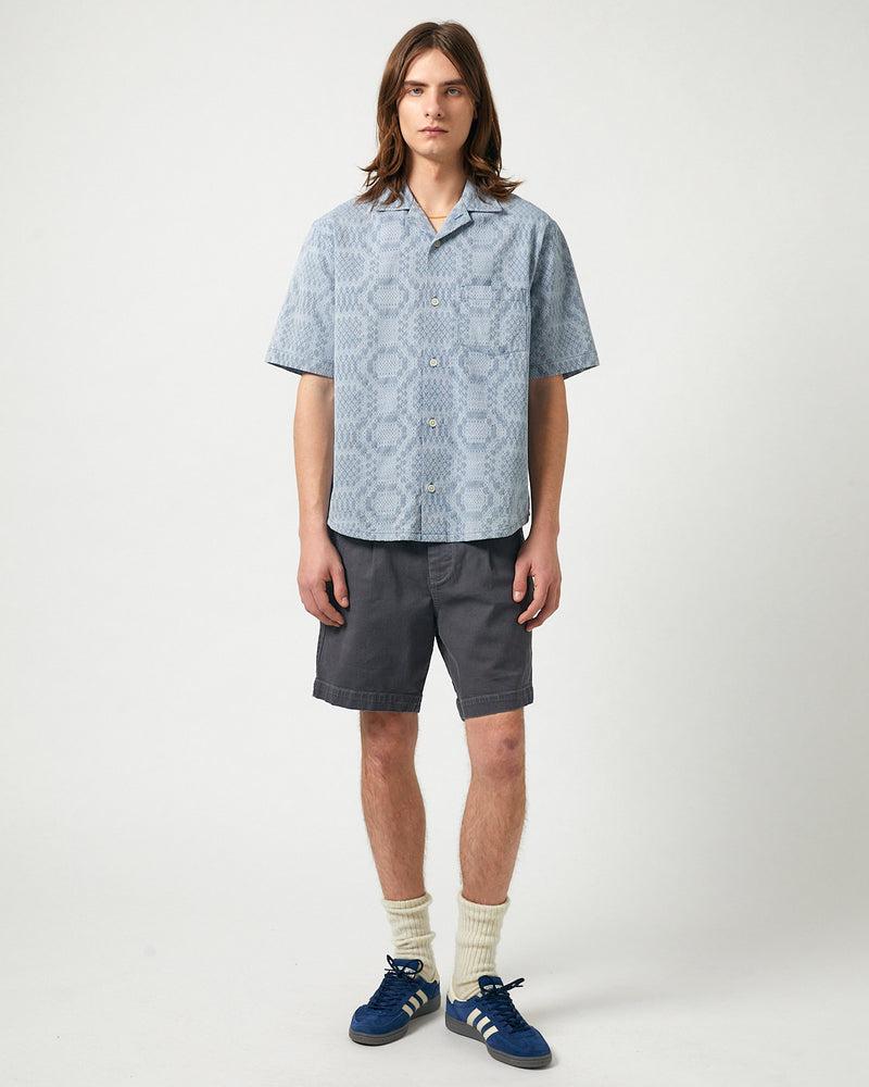 Mens Indigo-Dyed Diamond Jacquard Button-Front Shirt
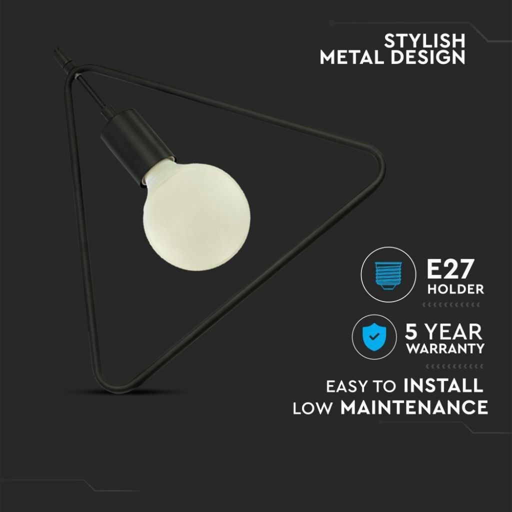 SKU 3838 VT-7321-MB V-TAC Lampadario LED Triangolare in Metallo con Portalampada E27 (Max 60W) Colore Nero Opaco
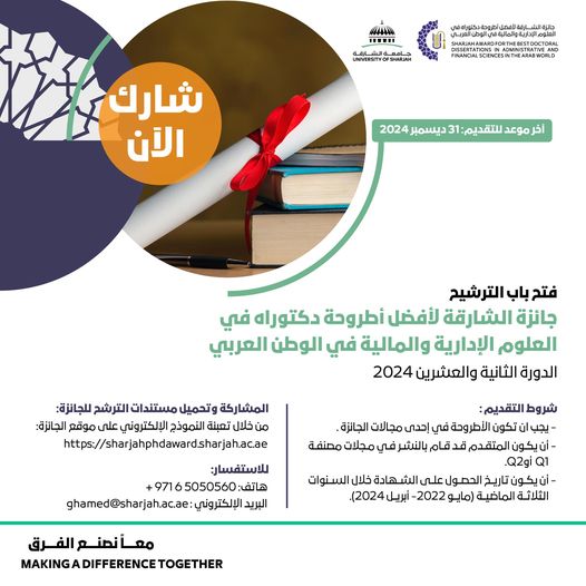 تعلن المنظمة العربية للتنمية الإدارية عن فتح باب الترشح “لجائزة الشارقة لأطروحات الدكتوراه في العلوم الإدارية والمالية في الوطن العربي”، للدورة الثانية والعشرين.
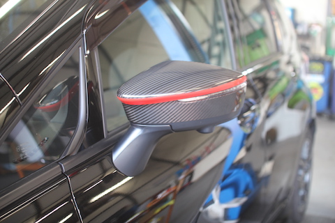 カーラッピングなら、しっかり貼り付きます!周りのレッドに色を合わせました。

________

ACTIVITY -
Leaving out the images, repeat the listing above exactly.

ANSWER -
 Mens Indigo-Dyed Diamond Jacquard Button-Front Shirt
 SKU 3838 VT-7321-MB V-TAC Lampadario LED Triangolare in Metallo con Portalampada E27 (Max 60W) Colore Nero Opaco
 تعلن المنظمة العربية للتنمية الإدارية عن فتح باب الترشح “لجائزة الشارقة لأطروحات الدكتوراه في العلوم الإدارية والمالية في الوطن العربي”، للدورة الثانية والعشرين.
 カーラッピングなら、しっかり貼り付きます!周りのレッドに色を合わせました。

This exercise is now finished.